Ken May 7, 2013 at 10:17 pm

Shoot me, I’m just a collector………

jim May 8, 2013 at 1:07 am

Sorry, but being on a fixed income I don’t get inflation adjustments so if the price goes up it’s more money out of my pocket percentage wise and less for me to spend on the other things that make my life worth living.

Boz May 8, 2013 at 10:19 am

You can see there are another quarter million former collectors who also have the same fixed income issues, and have dropped out of the market. This doesn’t speak well for the future of coin collecting.

RonnieBGood May 8, 2013 at 10:25 am

Hi Jim, If you receive fixed income from Social Security you do get an inflation adjustment (for years there is calculated inflation). SS recipients received a 1.7% SS increase in January this year (myself included). Even so this is arguably not real inflation as several important items such as auto gas are not included in the inflation adjustment calculation.

It is a difficult paradigm for the US Mint. Coins minted in Silver and Gold has a much greater collectability factor. But the cost of owning coins minted in Silver and Gold have become out of the reach of older Americans on fixed incomes and younger Americans with a limited disposable income for themselves and/or their young families.

Arguments can be made for the Circulating State and ATB quarter series and the presidential series available at banks but these have no precious metals value and collectors will soon lose interest. How many kids/grandkids lost interest in filling their State quarter series books before the series ended?

The hobby is at risk of losing both new and old generations by being priced beyond the average American’s reach. The greatest risk being the loss of new generations to the hobby.

jim May 9, 2013 at 9:50 am

RBG – you’re right. New coins in my collection tend to be mostly silver these days. Now I look at a coin’s rarity or uniqueness to other similar coins (for example the two-coin silver eagle set available today) before buying. Commemoratives are another area for uniqueness (can’t wait to see the final designs for the Baseball and US Marshal commemoratives) or historical markers like the last Canadian proof and uncirculated sets to contain a penny. Because these kinds of coins tend to show up only once or twice a year budgeting the money for them is a lot easier. And I’m already putting a little aside each year, getting ready for the eagle 30th and buffalo 10th anniversaries in 2016. I think they will contain something special.
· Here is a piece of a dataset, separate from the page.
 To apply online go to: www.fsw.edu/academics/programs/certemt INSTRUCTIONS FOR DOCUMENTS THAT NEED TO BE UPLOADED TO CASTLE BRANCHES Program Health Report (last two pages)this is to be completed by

Griffin May 9, 2013 at 12:09 pm

I just did some quick math based on the cart above. The mint raises its premium a set percentage over the spot melting price, right? Well they need to change their policy because they are loosing sales and money. When the sale price was 44.95 at a premium of 27.49 over spot, they sold 774,874 units which = $34,830,586.30. Now when they sold them for 67.95 at 31.31 over spot they sold 395,443 units which = $26,870,351.85. If they had kept the premium at say 27.49 over spot they may have sold the same number of units and still profited over 34 million dollars. Instead they made $7,960,234.45 less. What kind of business strategy are they using over there???
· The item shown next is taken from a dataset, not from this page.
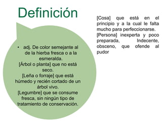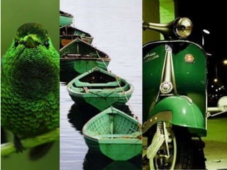 Este documento describe las propiedades y significados del color verde. Explica que el verde es un color primario en la teoría aditiva y secundario en la sustractiva. También analiza los pigmentos, longitudes de onda, contrastes y simbología del verde en la naturaleza, cultura e historia. Finalmente, resume las teorías psicológicas sobre el verde y sus atributos estéticos como un color asociado con la vida, crecimiento y renovación.
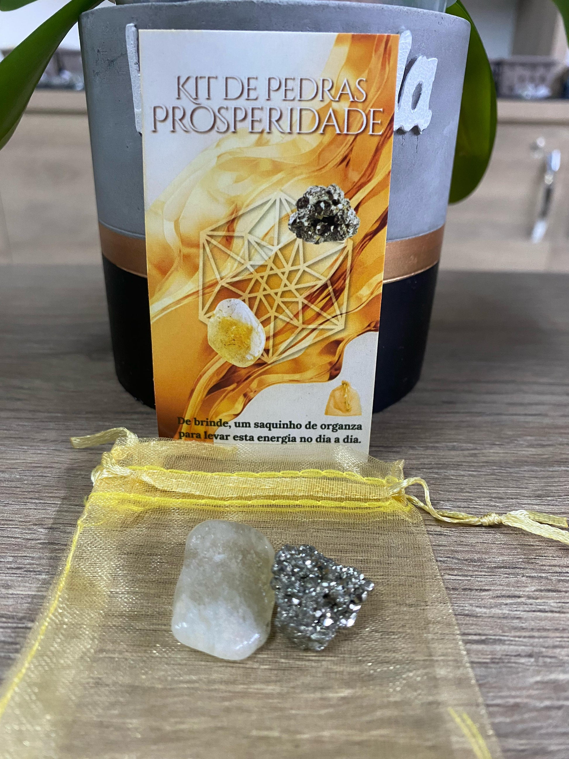 Atraia a prosperidade e a abundância com o nosso Kit Prosperidade, que apresenta a poderosa combinação de Pirita e Citrino. Essas pedras foram escolhidas para estimular a energia da riqueza, atrair sucesso financeiro e criar uma atmosfera de prosperidade em sua vida.

mike May 9, 2013 at 1:39 pm

2013 SILVER EAGLE WEST POINT SET —– US Mint web site crashes, phones backed up, orders now shipping late July. Wow they must only be minting 100,000 of these sets. Better get them while you can before they pull the plug!

jim May 9, 2013 at 4:29 pm

Griffin – answer to your first question – not for silver products. They follow the pricing guide for gold and platinum coins but there’s no published pricing guide for silver coins. How they price silver products is apparently a closely kept secret. Probably why they have to shut down sales so they can have a meeting to discuss what the new prices should be. Inefficient if you ask me, but then what else do the deputy director and his immediate minions have to do anyway?